## EXERCISE
Your copy should match the entries exactly, with the pictures left out.

┌──

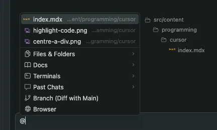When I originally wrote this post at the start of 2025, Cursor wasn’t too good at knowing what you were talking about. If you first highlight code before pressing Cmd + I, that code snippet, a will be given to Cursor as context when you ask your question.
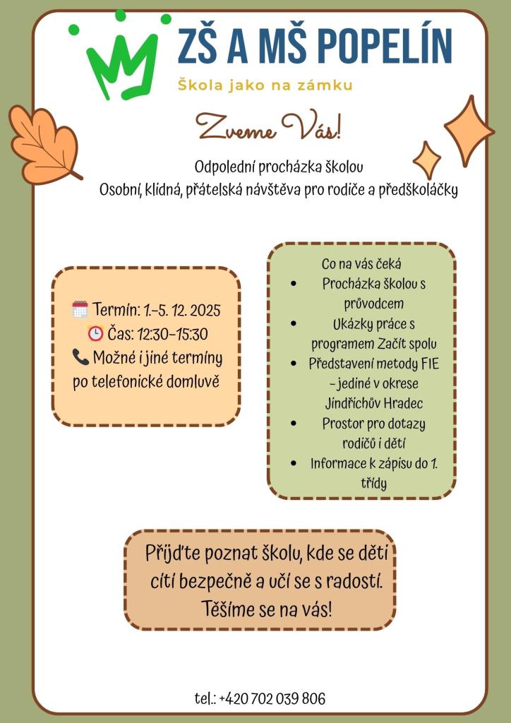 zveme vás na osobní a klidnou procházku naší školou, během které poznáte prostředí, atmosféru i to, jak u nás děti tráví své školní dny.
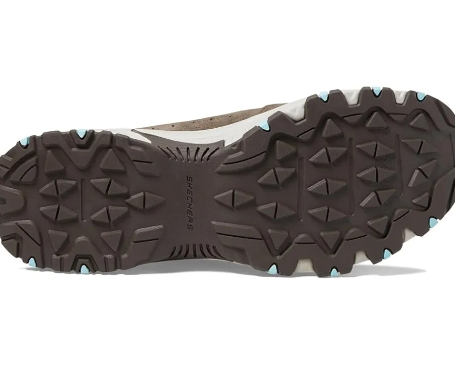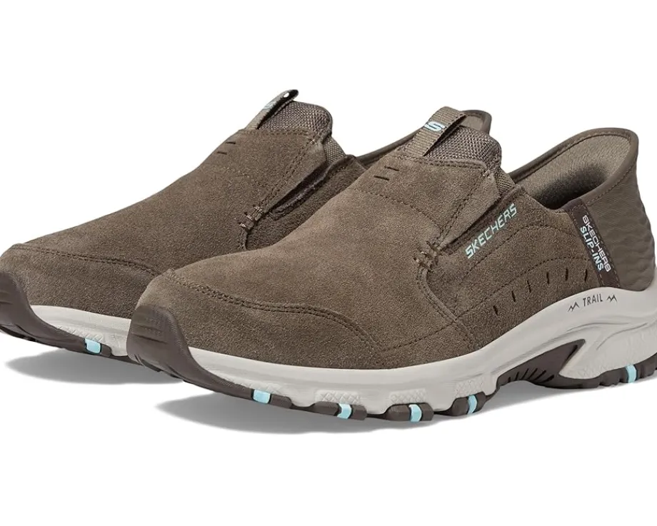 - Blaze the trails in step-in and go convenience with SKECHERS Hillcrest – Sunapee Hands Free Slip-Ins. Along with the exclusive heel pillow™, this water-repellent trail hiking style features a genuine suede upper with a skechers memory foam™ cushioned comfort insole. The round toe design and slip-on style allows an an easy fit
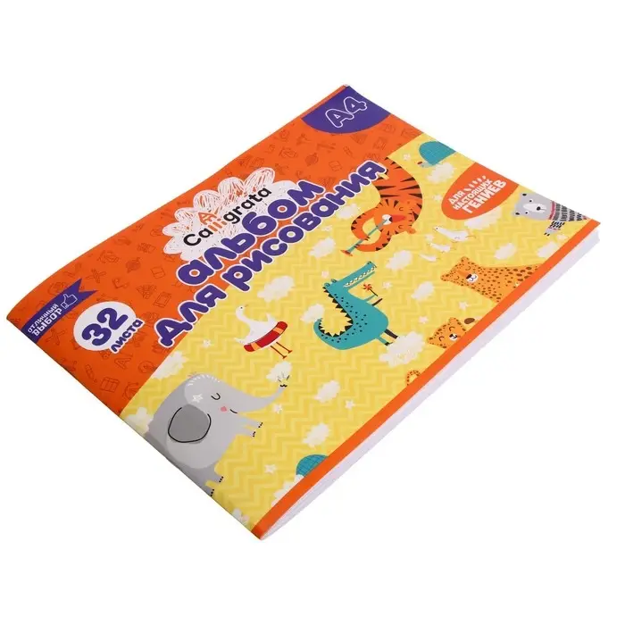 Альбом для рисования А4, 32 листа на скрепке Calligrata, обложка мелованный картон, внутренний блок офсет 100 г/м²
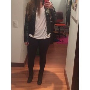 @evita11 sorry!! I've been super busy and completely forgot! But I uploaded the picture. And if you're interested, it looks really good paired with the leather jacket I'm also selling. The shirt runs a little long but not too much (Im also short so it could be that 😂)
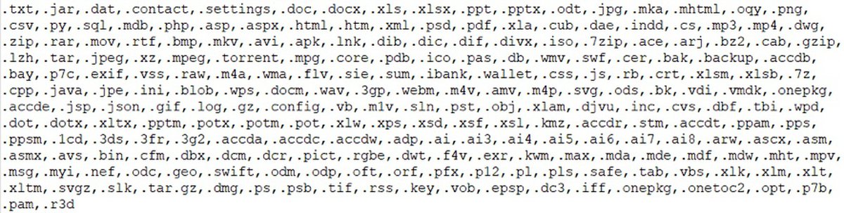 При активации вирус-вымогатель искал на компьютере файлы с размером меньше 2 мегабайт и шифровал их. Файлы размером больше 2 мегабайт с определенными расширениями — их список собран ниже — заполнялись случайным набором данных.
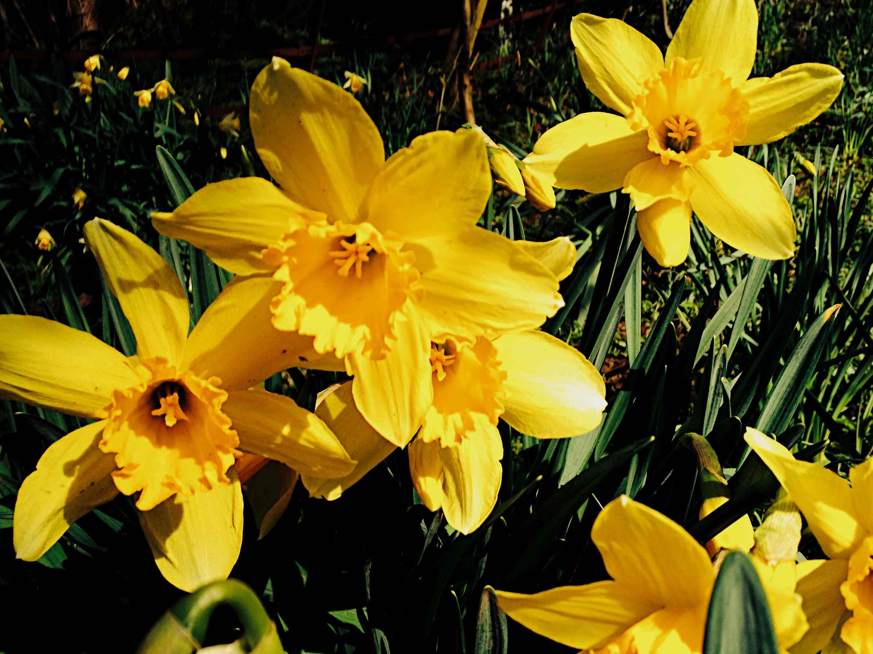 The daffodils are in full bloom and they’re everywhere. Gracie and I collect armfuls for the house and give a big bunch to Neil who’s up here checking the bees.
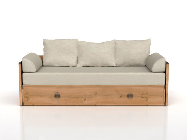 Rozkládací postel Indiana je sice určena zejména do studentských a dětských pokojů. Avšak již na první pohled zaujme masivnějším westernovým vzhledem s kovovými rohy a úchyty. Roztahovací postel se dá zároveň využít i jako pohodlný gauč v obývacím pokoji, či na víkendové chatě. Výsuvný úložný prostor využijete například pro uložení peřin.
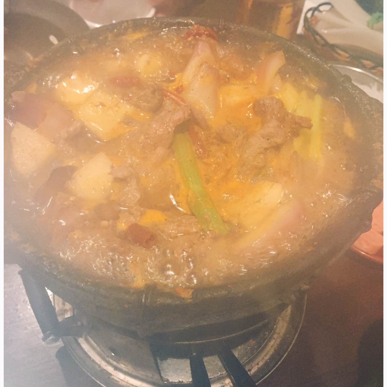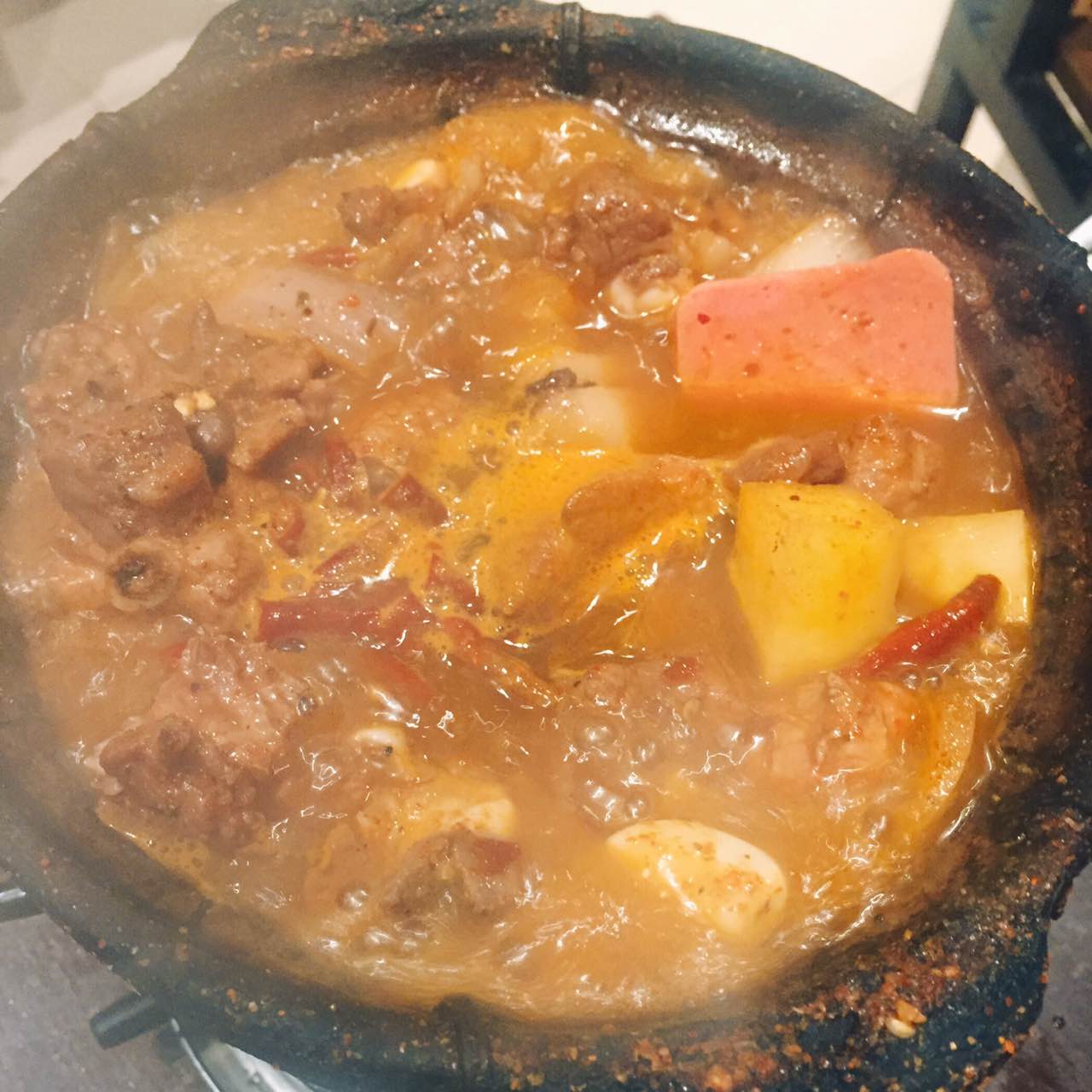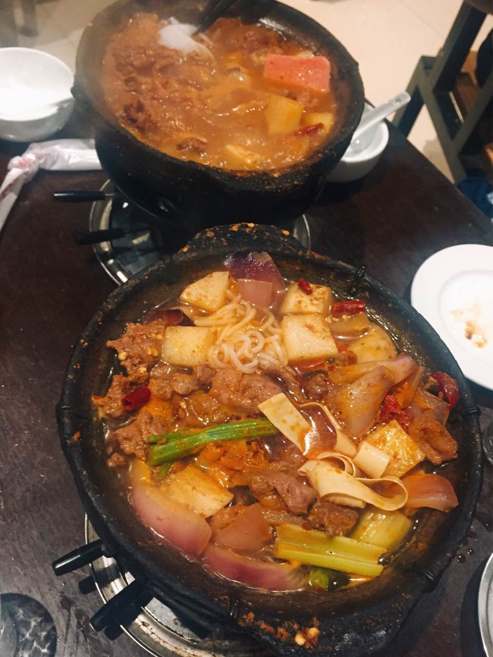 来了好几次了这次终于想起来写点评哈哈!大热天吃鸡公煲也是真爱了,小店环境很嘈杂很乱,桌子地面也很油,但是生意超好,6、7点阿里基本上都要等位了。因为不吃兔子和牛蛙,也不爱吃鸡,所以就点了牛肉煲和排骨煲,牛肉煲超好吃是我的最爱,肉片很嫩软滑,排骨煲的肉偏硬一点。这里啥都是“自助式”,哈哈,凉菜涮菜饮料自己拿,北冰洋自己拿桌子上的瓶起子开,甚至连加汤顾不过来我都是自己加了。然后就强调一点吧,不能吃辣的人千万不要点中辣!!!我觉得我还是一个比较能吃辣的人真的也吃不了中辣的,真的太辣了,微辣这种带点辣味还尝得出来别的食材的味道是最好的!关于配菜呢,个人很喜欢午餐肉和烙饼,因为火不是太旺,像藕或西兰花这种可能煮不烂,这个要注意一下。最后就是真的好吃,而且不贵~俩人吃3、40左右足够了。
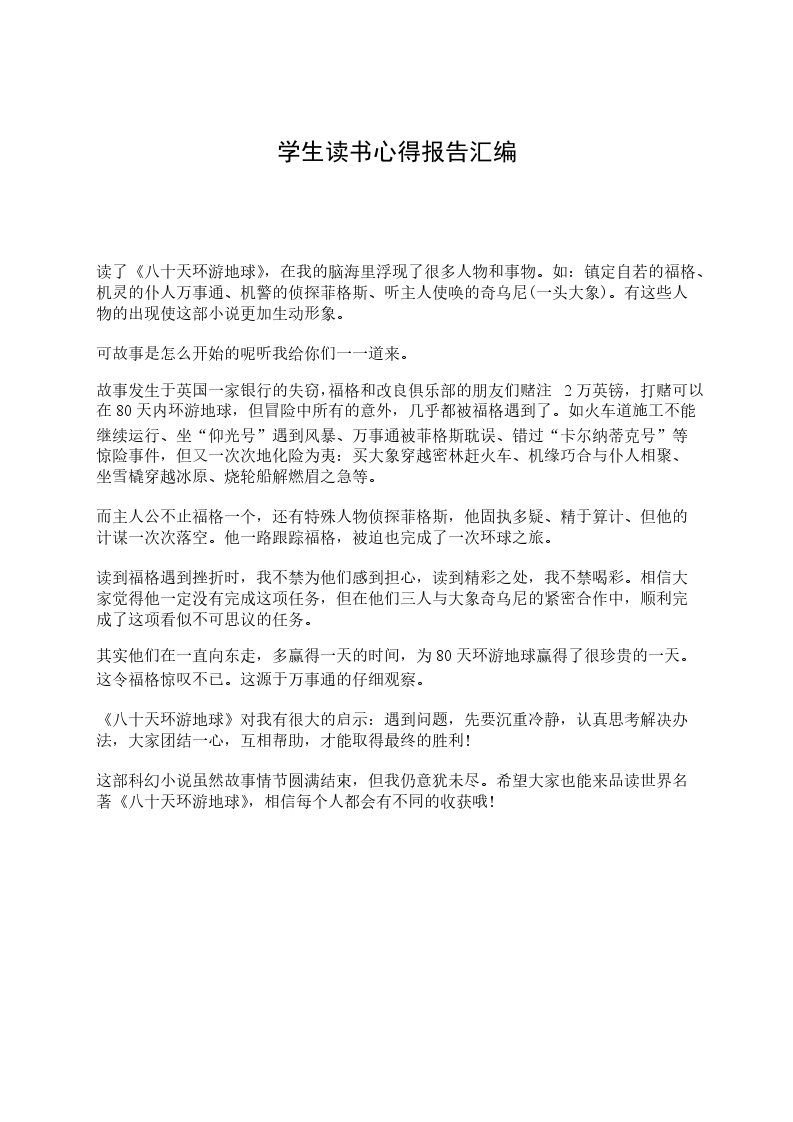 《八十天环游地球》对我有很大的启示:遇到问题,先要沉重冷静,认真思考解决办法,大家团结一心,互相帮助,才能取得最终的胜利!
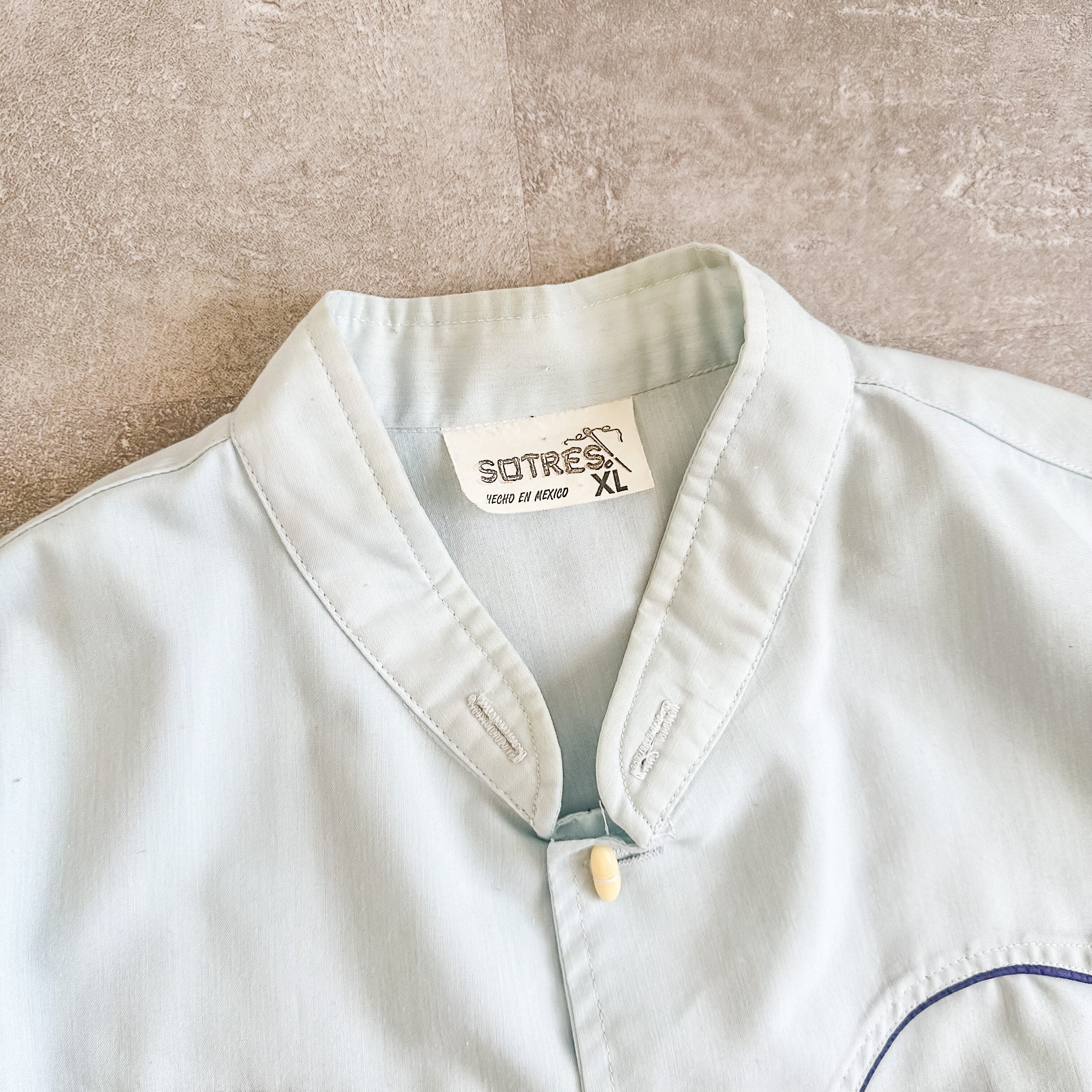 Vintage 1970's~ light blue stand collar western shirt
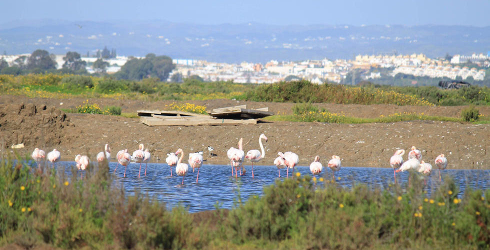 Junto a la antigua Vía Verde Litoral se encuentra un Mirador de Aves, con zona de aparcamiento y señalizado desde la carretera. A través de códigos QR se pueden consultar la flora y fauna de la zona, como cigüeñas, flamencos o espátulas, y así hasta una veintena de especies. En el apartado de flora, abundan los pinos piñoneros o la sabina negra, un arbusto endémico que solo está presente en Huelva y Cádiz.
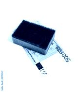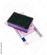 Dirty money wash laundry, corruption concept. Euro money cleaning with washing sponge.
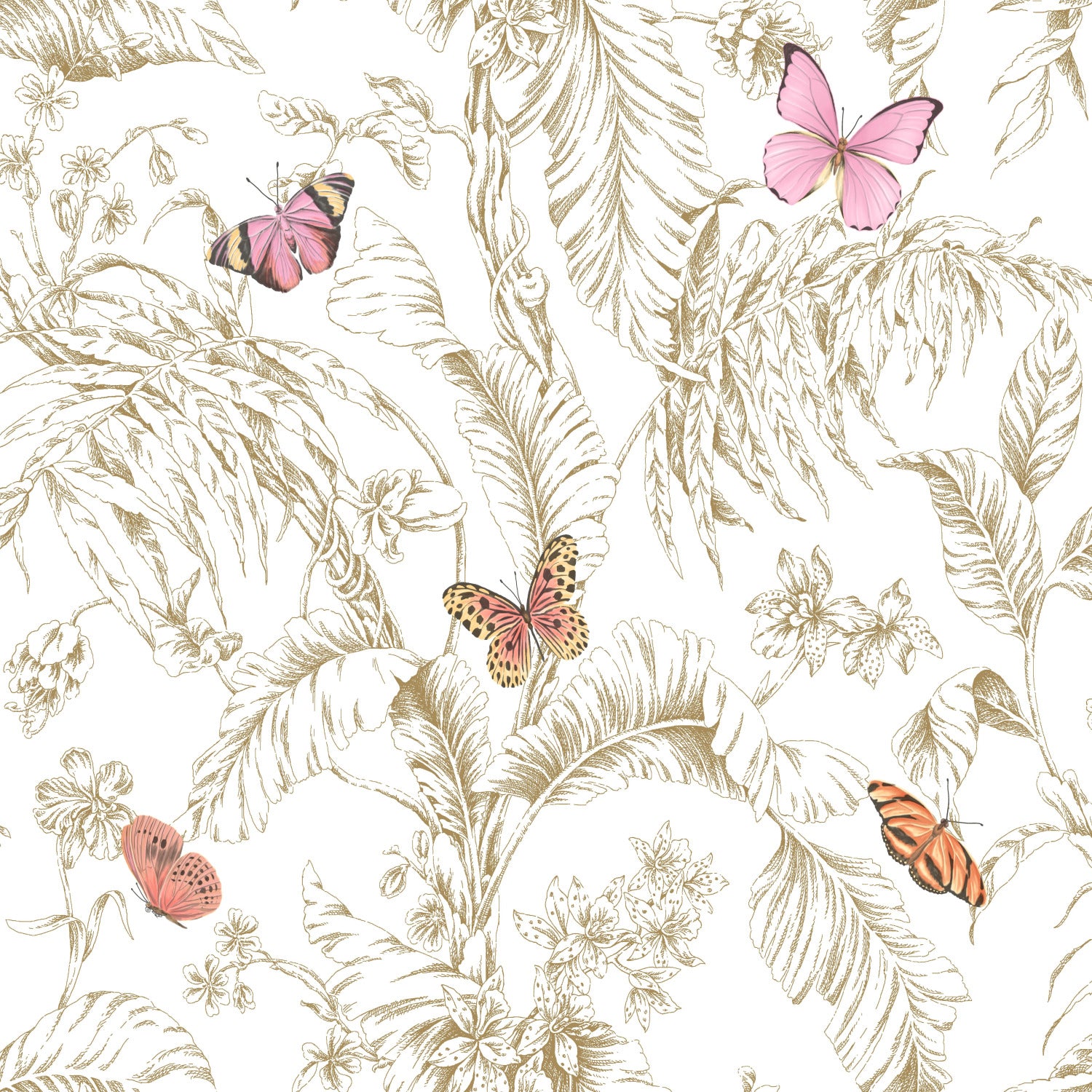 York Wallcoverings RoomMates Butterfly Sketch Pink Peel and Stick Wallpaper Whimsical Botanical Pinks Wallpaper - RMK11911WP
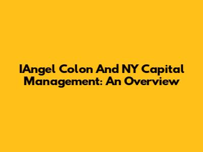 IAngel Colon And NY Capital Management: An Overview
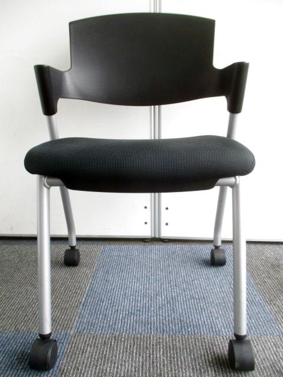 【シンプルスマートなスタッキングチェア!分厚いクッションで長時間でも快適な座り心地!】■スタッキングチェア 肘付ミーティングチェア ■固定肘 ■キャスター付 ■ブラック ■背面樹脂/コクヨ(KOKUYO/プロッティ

└──

## REPLY
When I originally wrote this post at the start of 2025, Cursor wasn’t too good at knowing what you were talking about. If you first highlight code before pressing Cmd + I, that code snippet, a will be given to Cursor as context when you ask your question.
 zveme vás na osobní a klidnou procházku naší školou, během které poznáte prostředí, atmosféru i to, jak u nás děti tráví své školní dny.
 - Blaze the trails in step-in and go convenience with SKECHERS Hillcrest – Sunapee Hands Free Slip-Ins. Along with the exclusive heel pillow™, this water-repellent trail hiking style features a genuine suede upper with a skechers memory foam™ cushioned comfort insole. The round toe design and slip-on style allows an an easy fit
 Альбом для рисования А4, 32 листа на скрепке Calligrata, обложка мелованный картон, внутренний блок офсет 100 г/м²
 @evita11 sorry!! I've been super busy and completely forgot! But I uploaded the picture. And if you're interested, it looks really good paired with the leather jacket I'm also selling. The shirt runs a little long but not too much (Im also short so it could be that 😂)
 При активации вирус-вымогатель искал на компьютере файлы с размером меньше 2 мегабайт и шифровал их. Файлы размером больше 2 мегабайт с определенными расширениями — их список собран ниже — заполнялись случайным набором данных.
 The daffodils are in full bloom and they’re everywhere. Gracie and I collect armfuls for the house and give a big bunch to Neil who’s up here checking the bees.
 Rozkládací postel Indiana je sice určena zejména do studentských a dětských pokojů. Avšak již na první pohled zaujme masivnějším westernovým vzhledem s kovovými rohy a úchyty. Roztahovací postel se dá zároveň využít i jako pohodlný gauč v obývacím pokoji, či na víkendové chatě. Výsuvný úložný prostor využijete například pro uložení peřin.
 来了好几次了这次终于想起来写点评哈哈!大热天吃鸡公煲也是真爱了,小店环境很嘈杂很乱,桌子地面也很油,但是生意超好,6、7点阿里基本上都要等位了。因为不吃兔子和牛蛙,也不爱吃鸡,所以就点了牛肉煲和排骨煲,牛肉煲超好吃是我的最爱,肉片很嫩软滑,排骨煲的肉偏硬一点。这里啥都是“自助式”,哈哈,凉菜涮菜饮料自己拿,北冰洋自己拿桌子上的瓶起子开,甚至连加汤顾不过来我都是自己加了。然后就强调一点吧,不能吃辣的人千万不要点中辣!!!我觉得我还是一个比较能吃辣的人真的也吃不了中辣的,真的太辣了,微辣这种带点辣味还尝得出来别的食材的味道是最好的!关于配菜呢,个人很喜欢午餐肉和烙饼,因为火不是太旺,像藕或西兰花这种可能煮不烂,这个要注意一下。最后就是真的好吃,而且不贵~俩人吃3、40左右足够了。
 《八十天环游地球》对我有很大的启示:遇到问题,先要沉重冷静,认真思考解决办法,大家团结一心,互相帮助,才能取得最终的胜利!
 Vintage 1970's~ light blue stand collar western shirt
 Junto a la antigua Vía Verde Litoral se encuentra un Mirador de Aves, con zona de aparcamiento y señalizado desde la carretera. A través de códigos QR se pueden consultar la flora y fauna de la zona, como cigüeñas, flamencos o espátulas, y así hasta una veintena de especies. En el apartado de flora, abundan los pinos piñoneros o la sabina negra, un arbusto endémico que solo está presente en Huelva y Cádiz.
 Dirty money wash laundry, corruption concept. Euro money cleaning with washing sponge.
 York Wallcoverings RoomMates Butterfly Sketch Pink Peel and Stick Wallpaper Whimsical Botanical Pinks Wallpaper - RMK11911WP
 IAngel Colon And NY Capital Management: An Overview
 【シンプルスマートなスタッキングチェア!分厚いクッションで長時間でも快適な座り心地!】■スタッキングチェア 肘付ミーティングチェア ■固定肘 ■キャスター付 ■ブラック ■背面樹脂/コクヨ(KOKUYO/プロッティ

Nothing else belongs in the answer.